So tired…..

I’ve been sick this winter, actually, officially sick with a diagnosis and antibiotics and all of that.   While I am healing well, I am left with lower-than-usual energy and a sense that fatigue overtakes me quickly.

One of the mindfulness practices I learned while taking Dr. Bill Cook’s Body-Mind Awareness program back in 2009 was about attending to where in the body intention arises.   That sounded terribly foreign to me at first;  if I intend to get up from my chair, it seems to me that the intention arises in my thoughts.  But no, if I am careful, take time, and bring attention to my body with the question, I can actually sense into my body where and how that intention arises.

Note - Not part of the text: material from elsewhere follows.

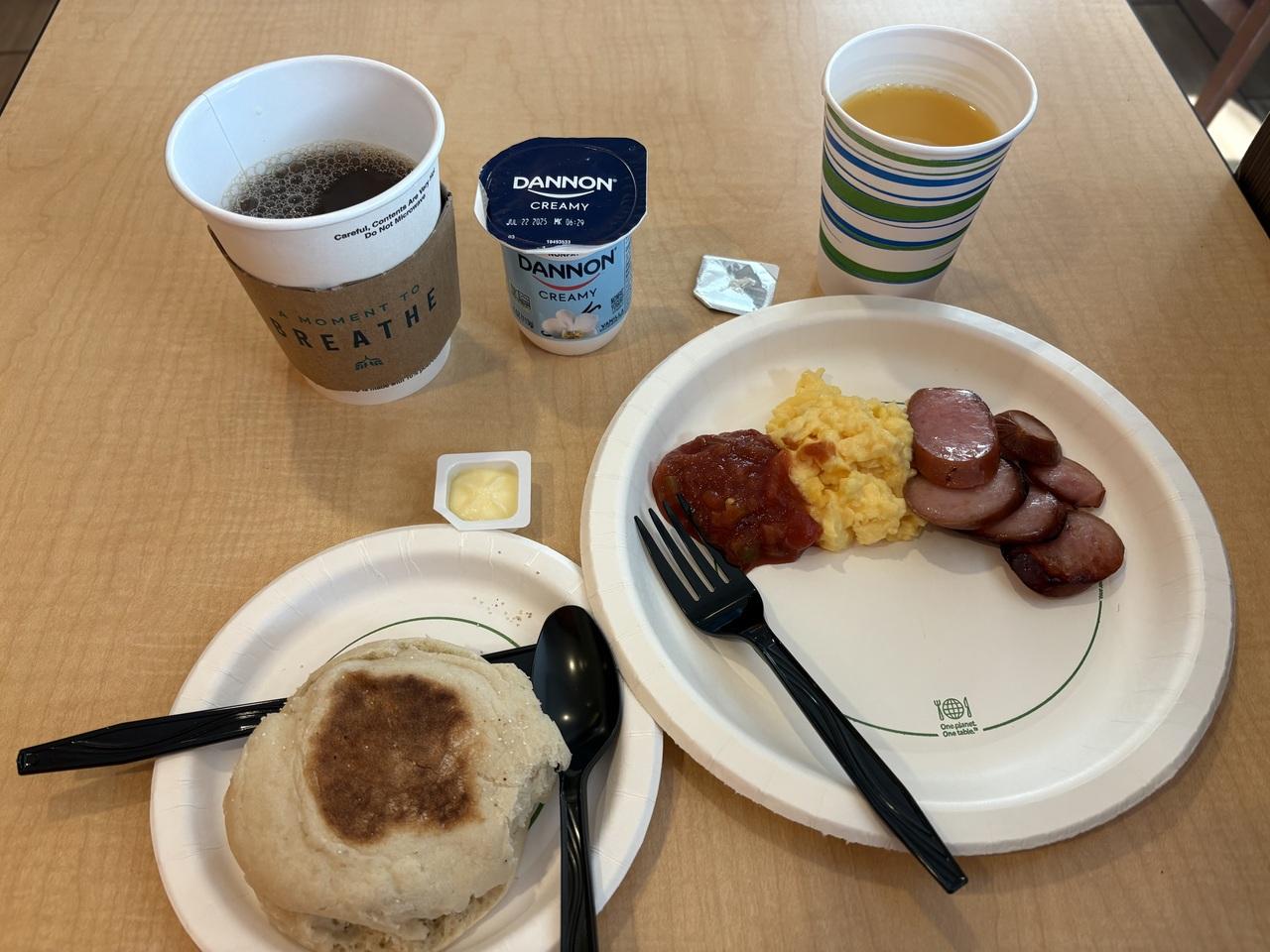 オレンジジュースもコーヒーもすごく美味しく、イングリッシュマフィンももちもちでした。 -

So with this fatigue, I have been using this practice to locate “tired” in my body.  This is probably easier than the intention to change position.  What I notice is this:   my mind will say something like, Oh, I feel tired….then I turn my attention to my body.  Where in my body do I sense this “tired?”  What is it like?   When have I felt something like this before?   What does it remind me of…and what else might be there, along with “tired?”

That last question is a good one.  What else is in there, in this felt sense that I have labelled, perhaps too quickly, as “tired?”  On Saturday, I took to the dog for his weekend walk along the river.  We plowed through shin-deep snow, watching the sun come up through snow clouds, and feeling the barely freezing temperature rise a bit and fall a bit, shifting the nature of the precipitation.  When I turned to walk back to the car, calling for the dog, I was suddenly aware of sensation in my calves, like melting butter, achingly draining to my heels….there it was!  That was my fatigue.   Internally, I named it and asked, what else is there?  As I breathed into my belly and let my attention rise from my legs to my abdomen and diaphragm and chest, I realized that there was more there.   I felt a sensation that I labelled tears;  tension that I wanted to discharge in my core, tension in my pelvis that hard sobbing would release.  So there was more than tired;  there was a deep tension of holding back sadness, right there.

Tired happens when you have been sick.  Tired also happens when things feel like just too much, and when you need to cry and you don’t give yourself the space to really experience those feelings.  Having to “hold in” and “hold on” to yourself to keep those tears in check is a really exhausting way to live.

When you feel tired, where in your body do you notice it?  What else is in there?

It doesn’t take much for me to feel wiped out these days.  But how do I know that I am tired?